►

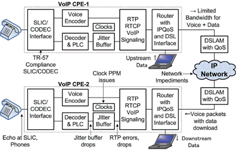 En la arquitectura VoIP, el Equipamiento en las Instalaciones del Usuario (Customer Premises Equipment, CPE) incluye servicios de voz como el DLC del PSTN. Pero entre los CPE de VoIP también se incluyen funciones de la CO de la PSTN, como generación de tono de llamada, detección de dígitos marcados, iniciación del establecimiento de llamada y funciones de soporte. La voz VoIP se suministra como paquetes a través de una red IP. La Figura 1 indica que hay varios parámetros que controlan la calidad de voz y cómo la red IP introduce algunos obstáculos, como la caída de paquetes, fluctuación (jitter), errores de paquete y fragmentación de éstos.
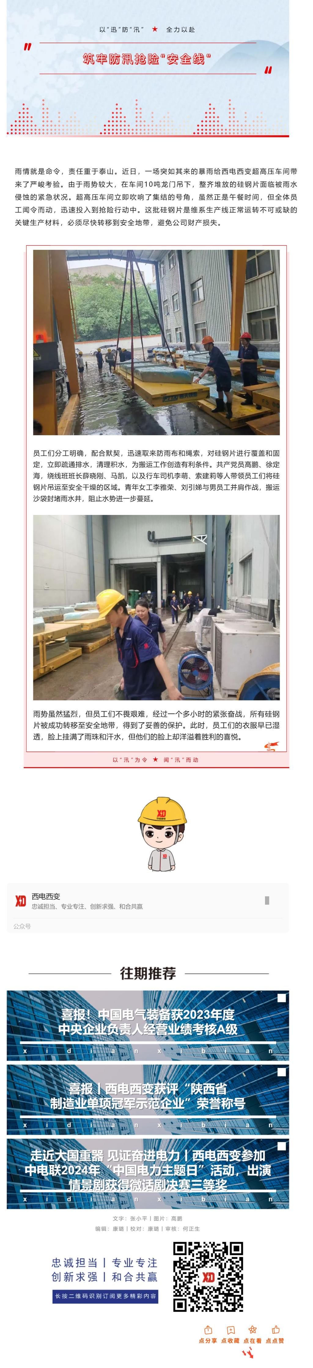 以“迅”防“汛”丨西電西變超高壓車間員工冒雨力保生產材料安全
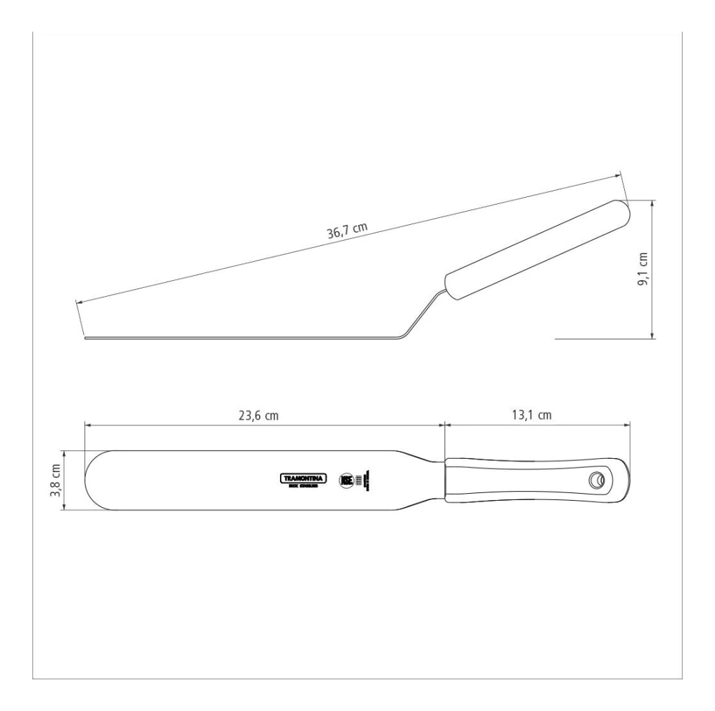 Espátula Repostera Acero Inox Profesional Tramontina 25cm características: - Es ideal para acabados y para retirar el exceso de coberturas en las tortas. - Lámina resistente y duradera. - Lámina en acero inoxidable especial tratada térmicamente, lo que garantiza niveles de dureza media de 48 HRc. - Mango anatómico, higiénico y seguro. - Mango de polipropileno texturizado, lo que ofrece más comodidad y seguridad a la hora de manipularlo. DIMENSIONES - Largo: 43,5 cm - Largo de la lamina: 26,60 cm - Largo del mango: 13,1cm - Altura: 3,7cm
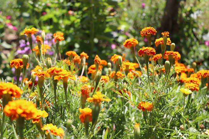 オレンジ、黄色の鮮やかな花が、春から秋まで長く咲くマリーゴールド。花弁がフリル状の八重のマリーゴールドが定番人気ですが、カーネーションのように咲く品種や、黄色の一重のマリーゴールドも大変かわいらしい印象です。

◄

Work item: Skip every picture, and give the rest of the material above again exactly.

Reply:
 En la arquitectura VoIP, el Equipamiento en las Instalaciones del Usuario (Customer Premises Equipment, CPE) incluye servicios de voz como el DLC del PSTN. Pero entre los CPE de VoIP también se incluyen funciones de la CO de la PSTN, como generación de tono de llamada, detección de dígitos marcados, iniciación del establecimiento de llamada y funciones de soporte. La voz VoIP se suministra como paquetes a través de una red IP. La Figura 1 indica que hay varios parámetros que controlan la calidad de voz y cómo la red IP introduce algunos obstáculos, como la caída de paquetes, fluctuación (jitter), errores de paquete y fragmentación de éstos.
 以“迅”防“汛”丨西電西變超高壓車間員工冒雨力保生產材料安全
 Espátula Repostera Acero Inox Profesional Tramontina 25cm características: - Es ideal para acabados y para retirar el exceso de coberturas en las tortas. - Lámina resistente y duradera. - Lámina en acero inoxidable especial tratada térmicamente, lo que garantiza niveles de dureza media de 48 HRc. - Mango anatómico, higiénico y seguro. - Mango de polipropileno texturizado, lo que ofrece más comodidad y seguridad a la hora de manipularlo. DIMENSIONES - Largo: 43,5 cm - Largo de la lamina: 26,60 cm - Largo del mango: 13,1cm - Altura: 3,7cm
 オレンジ、黄色の鮮やかな花が、春から秋まで長く咲くマリーゴールド。花弁がフリル状の八重のマリーゴールドが定番人気ですが、カーネーションのように咲く品種や、黄色の一重のマリーゴールドも大変かわいらしい印象です。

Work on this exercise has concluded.